All the experiments were performed under the environment manager Anaconda of the Linux server in the isolated intranet, and a Python3.6.5 kernel was used for data processing and modeling. We implemented 4 algorithms using the Scikit-learn library in the Python programming environment [44].

Characteristics Description

A total of 50,915 registered patients with hypertension were screened into the study cohort, and 8827 patients developed stroke within 3-year follow-up. In the study cohort, the positive/negative ratio was about 1:4.7, and the age distribution was different, as depicted in Figure 2.

In order to balance positive and negative cases, we performed a random stratified sampling of negative cases according to gender ratio and age stratification of positive cases. Age was stratified into 30 to 40, 40 to 50, 50 to 60, 60 to 70, and 70 to 85 years, and the proportion of negative to positive cases in gender and age stratification was calculated. We took the minimum proportion as the sampling rate and randomly selected the corresponding number of samples from the negative cases of each group. After stratified sampling, 11,126 negative cases and 8827 positive cases were used for modeling, and the gender and age distribution are depicted in Table 1.

Figure 2. Age distribution of stroke and nonstroke patients.

Table 1. Gender and age distribution before and after stratified sampling.

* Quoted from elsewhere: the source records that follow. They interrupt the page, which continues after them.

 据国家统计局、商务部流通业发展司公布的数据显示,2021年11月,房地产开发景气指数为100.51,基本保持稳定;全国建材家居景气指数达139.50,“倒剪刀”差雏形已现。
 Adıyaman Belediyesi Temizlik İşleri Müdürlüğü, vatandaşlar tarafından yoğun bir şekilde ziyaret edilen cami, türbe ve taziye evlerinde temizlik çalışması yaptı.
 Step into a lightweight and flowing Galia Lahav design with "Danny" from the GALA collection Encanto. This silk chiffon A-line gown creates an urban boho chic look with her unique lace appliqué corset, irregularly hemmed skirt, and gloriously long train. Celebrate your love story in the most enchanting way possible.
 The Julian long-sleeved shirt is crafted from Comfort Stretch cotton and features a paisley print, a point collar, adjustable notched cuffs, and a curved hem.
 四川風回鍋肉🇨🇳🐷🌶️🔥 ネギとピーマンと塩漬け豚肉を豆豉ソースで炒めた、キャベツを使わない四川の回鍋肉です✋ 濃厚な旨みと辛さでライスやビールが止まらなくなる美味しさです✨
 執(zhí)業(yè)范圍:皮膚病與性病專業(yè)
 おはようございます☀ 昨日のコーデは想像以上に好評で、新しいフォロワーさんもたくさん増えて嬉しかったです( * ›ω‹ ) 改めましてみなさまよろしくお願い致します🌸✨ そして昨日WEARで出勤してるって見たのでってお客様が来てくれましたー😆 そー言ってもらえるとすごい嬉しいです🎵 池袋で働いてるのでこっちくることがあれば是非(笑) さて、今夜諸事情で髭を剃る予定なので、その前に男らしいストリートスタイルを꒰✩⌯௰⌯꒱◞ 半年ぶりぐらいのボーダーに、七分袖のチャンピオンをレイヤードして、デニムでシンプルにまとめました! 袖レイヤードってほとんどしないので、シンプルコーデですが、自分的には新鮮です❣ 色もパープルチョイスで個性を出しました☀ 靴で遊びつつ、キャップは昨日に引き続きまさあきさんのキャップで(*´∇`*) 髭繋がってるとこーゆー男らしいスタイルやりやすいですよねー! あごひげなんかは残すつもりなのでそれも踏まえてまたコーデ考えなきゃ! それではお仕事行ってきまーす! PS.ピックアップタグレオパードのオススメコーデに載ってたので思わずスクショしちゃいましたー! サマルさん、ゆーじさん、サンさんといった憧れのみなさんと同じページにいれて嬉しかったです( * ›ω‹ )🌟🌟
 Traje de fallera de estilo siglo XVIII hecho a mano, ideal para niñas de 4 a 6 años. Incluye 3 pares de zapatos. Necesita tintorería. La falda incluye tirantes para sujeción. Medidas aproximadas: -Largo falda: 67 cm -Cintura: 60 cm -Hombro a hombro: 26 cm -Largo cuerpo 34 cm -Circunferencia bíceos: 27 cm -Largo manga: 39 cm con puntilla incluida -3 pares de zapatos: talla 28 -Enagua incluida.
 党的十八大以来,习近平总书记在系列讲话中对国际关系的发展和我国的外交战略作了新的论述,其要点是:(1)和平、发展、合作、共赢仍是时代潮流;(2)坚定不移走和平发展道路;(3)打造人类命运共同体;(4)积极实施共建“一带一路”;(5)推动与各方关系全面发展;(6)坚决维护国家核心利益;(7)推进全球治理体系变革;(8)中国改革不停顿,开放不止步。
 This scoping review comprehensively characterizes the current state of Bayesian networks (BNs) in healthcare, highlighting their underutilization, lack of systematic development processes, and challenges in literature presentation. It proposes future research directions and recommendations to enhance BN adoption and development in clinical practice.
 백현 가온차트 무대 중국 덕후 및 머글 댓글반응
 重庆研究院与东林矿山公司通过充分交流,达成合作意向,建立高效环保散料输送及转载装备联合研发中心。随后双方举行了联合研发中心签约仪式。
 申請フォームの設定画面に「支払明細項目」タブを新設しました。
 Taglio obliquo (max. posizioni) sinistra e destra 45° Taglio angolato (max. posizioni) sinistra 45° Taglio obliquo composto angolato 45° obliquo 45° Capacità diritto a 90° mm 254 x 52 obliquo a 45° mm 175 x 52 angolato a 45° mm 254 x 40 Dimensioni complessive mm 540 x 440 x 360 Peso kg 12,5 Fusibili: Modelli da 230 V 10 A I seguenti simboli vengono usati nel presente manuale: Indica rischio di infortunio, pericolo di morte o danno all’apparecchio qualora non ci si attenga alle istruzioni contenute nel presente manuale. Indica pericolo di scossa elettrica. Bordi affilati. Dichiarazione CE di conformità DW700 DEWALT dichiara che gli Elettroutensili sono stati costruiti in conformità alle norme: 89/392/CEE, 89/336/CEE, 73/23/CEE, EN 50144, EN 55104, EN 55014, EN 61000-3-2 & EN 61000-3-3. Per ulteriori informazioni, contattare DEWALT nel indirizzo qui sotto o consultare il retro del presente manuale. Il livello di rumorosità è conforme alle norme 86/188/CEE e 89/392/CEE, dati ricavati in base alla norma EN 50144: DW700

Characteristics		Positive cases (N=8,827), n (%)	Negative cases (N=42,088), n (%)	Negative cases after sampling N=11,126), n (%)
Gender, male		5251 (59.49)	25990 (61.75)	6174 (55.49)
Age, years
	30-40	414 (4.69)	5843 (13.88)	522 (4.69)
	40-50	1746 (19.78)	17342 (41.20)	2204 (19.81)
	50-60	2104 (23.84)	10415 (24.75)	2656 (23.87)
	60-70	2462 (27.89)	5448 (12.94)	3108 (27.93)
	70-85	2088 (23.65)	2636 (6.26)	2636 (23.69)

A total of 77 features were extracted from the medical records, and eventually, 49 features were used as input for the machine learning algorithms. Blood lipid test results were not included because the missing ratio was more than 80%. Table 2 shows the statistical distribution of partial features of higher correlation (P value less than .01).

Table 2. Distribution of the basic characteristics.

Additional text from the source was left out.